Please reproduce the data exactly, though every picture must stay out.
Provided material Start Marker
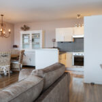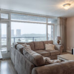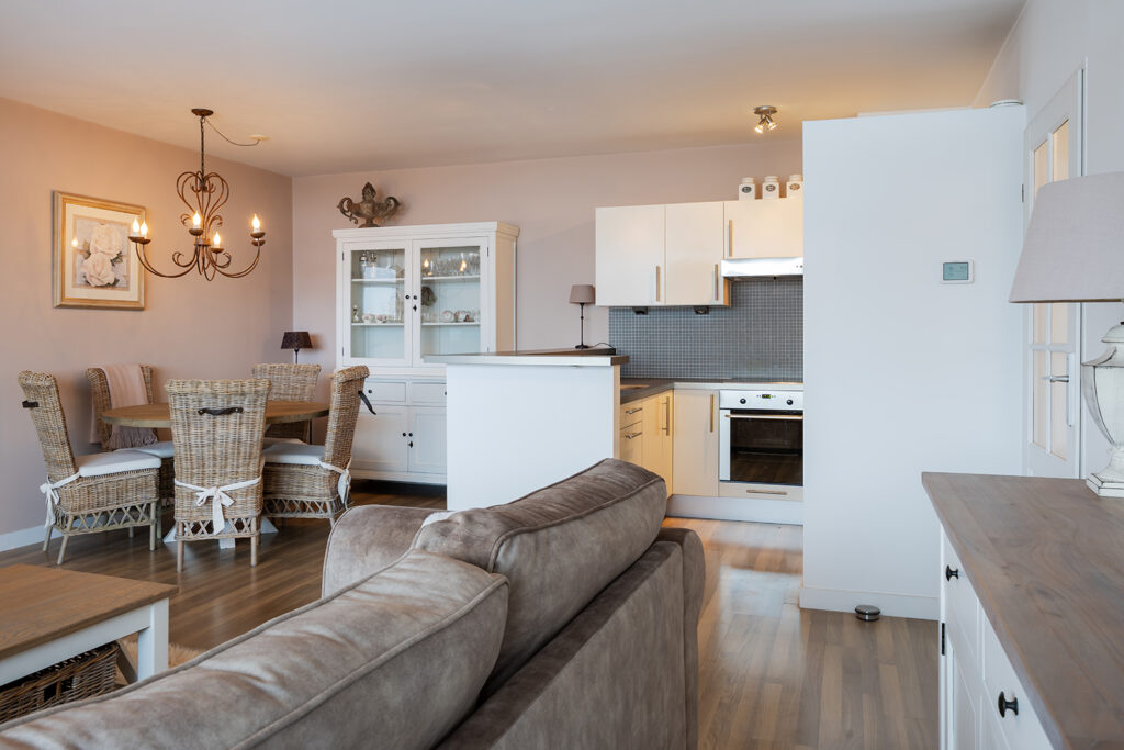 Woonkamer met grote raampartij waardoor veel natuurlijke lichtinval word gecreëerd. De wanden zijn voorzien van glad stucwerk en het plafond is eveneens voorzien van glad stucwerk. Op de vloer ligt een lichte laminaat (2017) volledig doorgelegd in het gehele appartement m.u.v. badkamer en toilet.
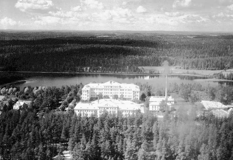 Kuvassa vuonna 1927 perustettu Moision mielisairaala kuvattuna idästä. Sairaalan takana näkyy Moisionlampi, jonka takana kulkee nykyisin valtatie 13 Mikkelistä Lappeenrantaan.
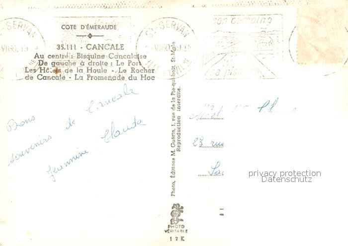 13582009 Cancale Bisquine Cancalaise Port Hôtels de la Houle Rocher de Cancale Promenade du Hoc postalisch gelaufen Erhaltung siehe scans [FriedD77] carte postale Frie Katcode 11170035435049
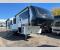 You're going to love every minute spent in this spacious fifth wheel that can sleep four. There is an inviting rear living area with a 72" tri-fold sofa and theater seating across from the televator and fireplace. The chef of your group can whip up dinner on the three burner cooktop or in the 30" residential microwave, and there is a 16 cu. ft. refrigerator that even opens when with the slide out is in. You will also enjoy the kitchen island with a farmhouse sink and roller cover, dual trash bins with a Stow N' Go paper towel holder, plus convenient dog bowls for your furry friends. You can store all your paper goods and snacks in the 84" pantry with adjustable shelving, and there is a hutch for nice dishes plus shoe storage in this model as well. Head to the front master bedroom where you'll find a queen bed with a TV, a large slide out with a wardrobe with drawers, plus a spacious bath.
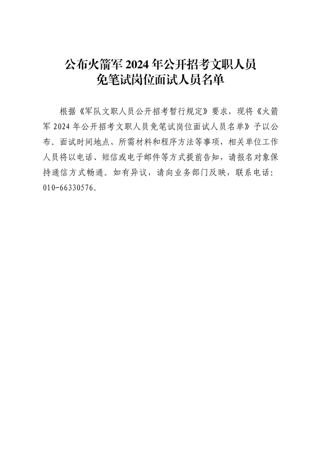 原文標題:公布火箭軍2024年公開招考文職人員免筆試崗位面試人員名單
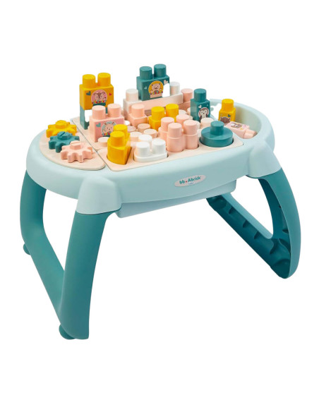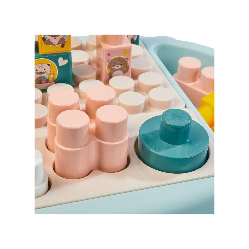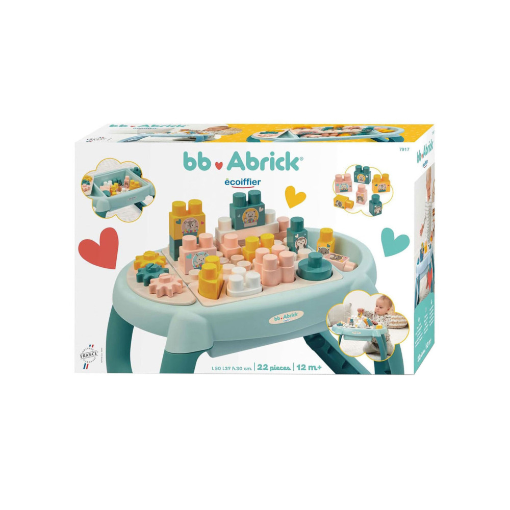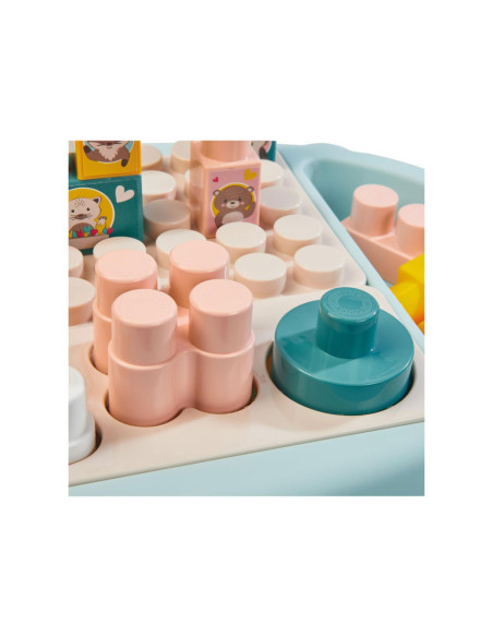Ecoiffier activiteitentafel in pastelkleuren, met 15 kunststof bouwblokken in 4 verschillende vormen. Voor bouwen, sorteren en spelen. Afmetingen (gemonteerd): 50 x 37 x 30 centimeter. Geschikt vanaf 12 maanden.
Provided material End Marker
Result of the exercise:
 Woonkamer met grote raampartij waardoor veel natuurlijke lichtinval word gecreëerd. De wanden zijn voorzien van glad stucwerk en het plafond is eveneens voorzien van glad stucwerk. Op de vloer ligt een lichte laminaat (2017) volledig doorgelegd in het gehele appartement m.u.v. badkamer en toilet.
 Kuvassa vuonna 1927 perustettu Moision mielisairaala kuvattuna idästä. Sairaalan takana näkyy Moisionlampi, jonka takana kulkee nykyisin valtatie 13 Mikkelistä Lappeenrantaan.
 13582009 Cancale Bisquine Cancalaise Port Hôtels de la Houle Rocher de Cancale Promenade du Hoc postalisch gelaufen Erhaltung siehe scans [FriedD77] carte postale Frie Katcode 11170035435049
 You're going to love every minute spent in this spacious fifth wheel that can sleep four. There is an inviting rear living area with a 72" tri-fold sofa and theater seating across from the televator and fireplace. The chef of your group can whip up dinner on the three burner cooktop or in the 30" residential microwave, and there is a 16 cu. ft. refrigerator that even opens when with the slide out is in. You will also enjoy the kitchen island with a farmhouse sink and roller cover, dual trash bins with a Stow N' Go paper towel holder, plus convenient dog bowls for your furry friends. You can store all your paper goods and snacks in the 84" pantry with adjustable shelving, and there is a hutch for nice dishes plus shoe storage in this model as well. Head to the front master bedroom where you'll find a queen bed with a TV, a large slide out with a wardrobe with drawers, plus a spacious bath.
 原文標題:公布火箭軍2024年公開招考文職人員免筆試崗位面試人員名單
Ecoiffier activiteitentafel in pastelkleuren, met 15 kunststof bouwblokken in 4 verschillende vormen. Voor bouwen, sorteren en spelen. Afmetingen (gemonteerd): 50 x 37 x 30 centimeter. Geschikt vanaf 12 maanden.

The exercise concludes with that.